The same technology that has bred such convenience-focused customers can empower retailers to reduce wait times — or, more importantly, to reduce perceived wait times — which has a substantial, positive impact on their operations. Organizations such as Omobori have developed innovative platforms dedicated to just this research. Here are some top features retailers can consider implementing if they are serious about improving their customer queue experience:

  • Use an online booking service to allow customers to book specific time slots to visit. These systems can even be configured to recognize VIP customers and prioritize them. 
  • Provide ticketing confirmations to reduce customer anxiety regarding their services. 
  • Send appointment notifications via online systems. This way, customers can arrive only when it is their time to receive services and wait in locations other than the store, preventing pileups. 
  • Expedite customer admission by monitoring their booking confirmation instead of spending manhours sending confirmations.
  • Leverage technology to reduce perceived wait times. Ombori offers numerous solutions, including Digital Signage, Customer Remote, Selfie Mirror, Cashier Assistant, and Endless Aisle products. 

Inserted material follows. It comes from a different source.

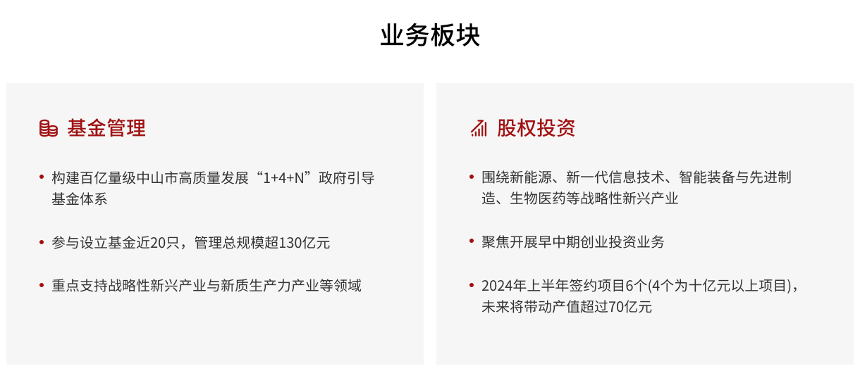 中山創業投資有限公司(簡稱“中山創投”)是中山投資控股集團有限公司(簡稱“中山投控”)落實中山市委、市政府“培育發展股權投資旗艦企業”要求,在中山金控資產管理有限公司及中山投控原有基金管理、股權投資業務基礎上整合組建,是中國證券投資基金業協會登記備案的私募基金管理人機構(中基協登記編號: P1065108)。中山創投組建完成后,承載著中山投控投資主業做強做優做大的使命,將圍繞新能源、新一代信息技術、智能裝備與先進制造、生物醫藥等中山市鼓勵發展的戰略性新興產業,推進大基金組建、大項目投資、大平臺建設,開展政府引導基金受托管理、股權直投等業務,為中山市經濟高質量發展貢獻國資創投力量。

If they leverage these tools well, retailers will benefit from improved services, directly affecting their overall operations:

  • Reduced line waiting times. Spreading out the usual rush by using appointment slots and ticketing helps prevent overwhelmed staff and pileups of customers, which means nobody ever waits in a long time. 
  • Increase sales. Tools like the Endless Aisle turn dead waiting time into an opportunity for customers to discover new products and make last-minute purchases, boosting revenue. 
  • Improve health and safety. Less dense crowding means less congestion and opportunity for accidents and illness — this is too obvious the benefit of both staff and customers. 
  • Provide transparency regarding wait times. Maister’s research is clear: Uncertain wait times feel longer than specific, finite wait times. Customers who know what to expect are less likely to feel indignant or misled. A company that provides transparency and communicates clearly about current wait times is making a worthy investment in customer experience. 
  • Improve staff management and staff satisfaction. When staff feel fulfilled and appreciated, they are more invested in meeting the needs of customers. Strong management and a cared-for retail team make a big difference in the goodwill that customers feel, even if they have to wait for that quality service experience. 
  • Provide analytical data to continuously advance operations. Ombori’s data tools turn oceans of numbers into actionable data. By leveraging it, retailers can improve the flow of traffic in their stores. 

What Retailers Should Consider Moving through 2021

COVID-19 has had a significant impact on all retailers.

Consumers became accustomed to new services, and the expectation of seamless online ordering, expedited pick-ups, and home delivery has become a new normal. After living in this environment for over a year, research suggests that customer expectations will remain similar to what they have experienced recently, even in a post-pandemic world. As a result, retailers must continue to adopt queue management solutions, such as Ombori’s, in the post-COVID world.